Earlier this month, the Cybersecurity and Infrastructure Security Agency (CISA) and the Australian Signals Directorate’s Australian Cyber Security Centre (ASD’s ACSC), in collaboration with federal and international partners, released Principles for the Secure Integration of Artificial Intelligence in Operational Technology (OT).

Co-authored by CISA and ACSC, and developed with contributions from the U.S. National Security Agency’s Artificial Intelligence Security Center (NSA AISC), the Federal Bureau of Investigation (FBI), the Canadian Centre for Cyber Security (Cyber Centre), Germany’s Federal Office for Information Security (BSI), the Netherlands NCSC-NL, the New Zealand NCSC-NZ, and the U.K. NCSC-UK, the guidance reflects an unprecedented level of international coordination around the safe deployment of AI in industrial environments.

The document provides critical-infrastructure owners and operators with practical principles for integrating AI into OT systems without compromising safety, reliability, or compliance.

You can read the full document here.

Risks and Opportunities of AI in Operational Technology

Industrial operators are exploring AI to improve predictive maintenance, optimize production, and detect anomalies—but unlike enterprise IT, OT systems run physical processes where unintended behavior can have real-world consequences.
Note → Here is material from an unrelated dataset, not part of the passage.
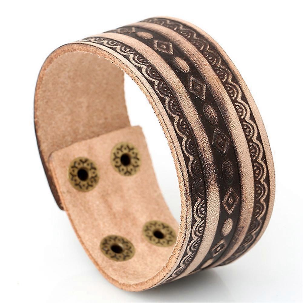 2set Retro Style Unisex Handmade Cowhide Mark Pattern Wrist Band Bracelet Jewelry Accessory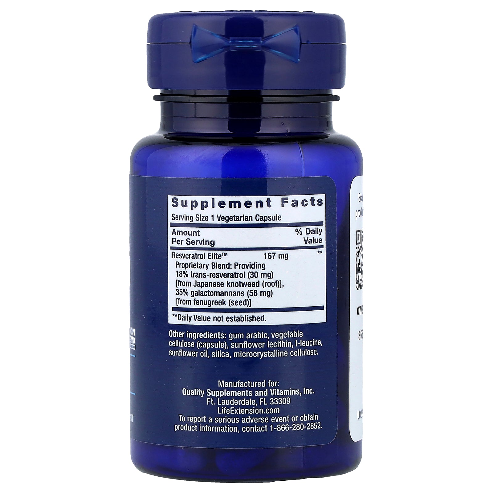 | Resveratrol Elite™ Proprietary Blend: Providing 18% trans-resveratrol (30 mg) [from Japanese knotweed (root)], 35% galactomannans (58 mg) [from fenugreek (seed)] |

CISA and partners developed this guidance because most existing AI security frameworks focus on IT and cloud environments, not on deterministic control networks governed by safety standards. The paper adapts those ideas to the OT domain, showing how long-standing cybersecurity fundamentals—asset visibility, network segmentation, change management—can be extended to address the unique characteristics of AI systems.

The agencies also signal that AI is now considered a distinct risk category within critical-infrastructure protection, warranting its own assurance and governance lens.

Principles for the Secure Integration of Artificial Intelligence in Operational Technology (OT)

The publication organizes its recommendations around four principles. Each combines familiar OT best practices with AI-specific considerations.

1. Understand AI. Understand the unique risks and potential impacts of AI integration into OT environments, the importance of educating personnel on these risks, and the secure AI development lifecycle.

2. Consider AI Use in the OT Domain. Assess the specific business case for AI use in OT environments and manage OT data security risks, the role of vendors, and the immediate and long-term challenges of AI integration.

3. Establish AI Governance and Assurance Frameworks. Implement robust governance mechanisms, integrate AI into existing security frameworks, continuously test and evaluate AI models, and consider regulatory compliance.

4. Embed Safety and Security Practices Into AI and AI-Enabled OT Systems. Implement oversight mechanisms to ensure the safe operation and cybersecurity of AI-enabled OT systems, maintain transparency, and integrate AI into incident response plans.

How This Guidance Expands on Existing OT Standards

Does a lot of this sound basic? Granted, a lot of the guide restates much of what is considered standard or best practices across all the usual OT cybersecurity frameworks and regulations. Here are what we think are really AI-specific or should get extra emphasis in the context of AI.

What’s really specific to AI

Model-centric risks and behavior
Unique AI risks described in the guidance include:

  • Model drift – a model’s accuracy degrades as the process or environment changes, requiring continuous monitoring and re-validation.
  • Hallucination – LLMs fabricating plausible but false outputs; the guidance explicitly warns that such systems “almost certainly should not be used to make safety decisions for OT environments.”
  • Lack of explainability as a risk in itself — the difficulty of understanding how a model arrived at a decision and how that affects troubleshooting, auditability, and recovery.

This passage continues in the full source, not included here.